Cook’s Review: “I used chicken broth instead of water for more flavor. The blend of red onion, sweet peas, and asparagus was awesome. This dish was easy to make and very good!” ~ Shari L.
Makes 4 servings
|1 cup NOW Certified Organic Quinoa Grain*|
|2 cups water |
|1 Tablespoon NOW Certified Organic Extra-Virgin Olive Oil*|
|1/2 cup finely chopped red onion |
|1/2 pound (about 1/2 bunch) asparagus, woody ends snapped off and discarded, spears cut into 1-inch pieces |
|2 cloves garlic, finely chopped |
|1 cup fresh peas or frozen petite peas, thawed |
|1 cup shredded cooked chicken |
|1 cup thinly sliced baby spinach leaves |
|Sea salt and freshly ground pepper, to taste |
*NOW items available at your local health food store
- Rinse quinoa under cold running water and drain.

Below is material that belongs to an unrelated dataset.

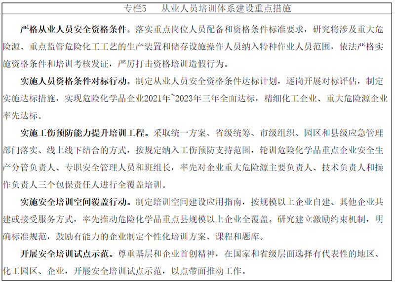 提升重點崗位操作人員安全技能。調(diào)整擴(kuò)充危險化學(xué)品特種作業(yè)人員范圍,嚴(yán)格依法實施資格條件和培訓(xùn)考試、持證上崗制度。建立健全實際操作訓(xùn)練基地建設(shè)標(biāo)準(zhǔn)、設(shè)備配備標(biāo)準(zhǔn)和以實際工作情景為導(dǎo)向的訓(xùn)練指導(dǎo)手冊,突出加強(qiáng)重點崗位人員實操訓(xùn)練。強(qiáng)化校企合作人才培養(yǎng),探索中國特色學(xué)徒制,從根本上解決產(chǎn)業(yè)工人來源問題。與人力資源社會保障等部門合作,按規(guī)定利用職業(yè)技能提升行動和工傷預(yù)防政策,扎實推進(jìn)化工行業(yè)安全技能提升行動和工傷預(yù)防能力提升培訓(xùn)工程。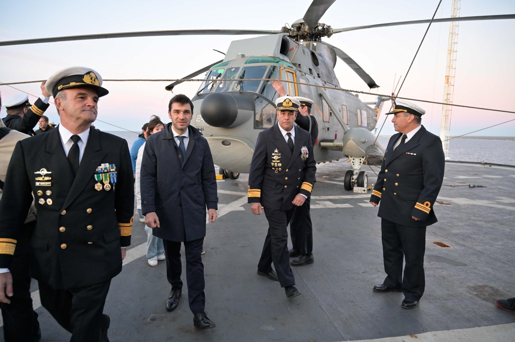 Participaron del encuentro el capitán del buque, Sebastián Alejandro Musa; los comandantes de la Flota de Mar, José Alberto Martí Garro; de la Infantería de Marina, contraalmirante de Infantería de Marina, Javier Pedro López; de Transporte Navales e instrucción, capitán de Navío, Federico Garat; de la Fuerza Aeronaval Número 3, capitán de Navío, Gabriel D’Alessandro; el presidente de la Administración Portuaria de Puerto Madryn (APPM), Diego Pérez.

- Combine water and quinoa in a medium saucepan and bring to a boil.
- Reduce heat to a simmer, cover and cook until quinoa is tender and all the water is absorbed, 15 to 20 minutes.
- Meanwhile, heat olive oil in a large skillet over medium heat.
- Add onion and asparagus.
- Cook, stirring often, until asparagus is tender and bright green, 5 to 7 minutes.
- Add garlic and peas and continue cooking for another minute.
- Stir in chicken and cooked quinoa.
- Add the spinach and stir until it wilts, 3 to 5 minutes.
- Season with salt and pepper and serve immediately.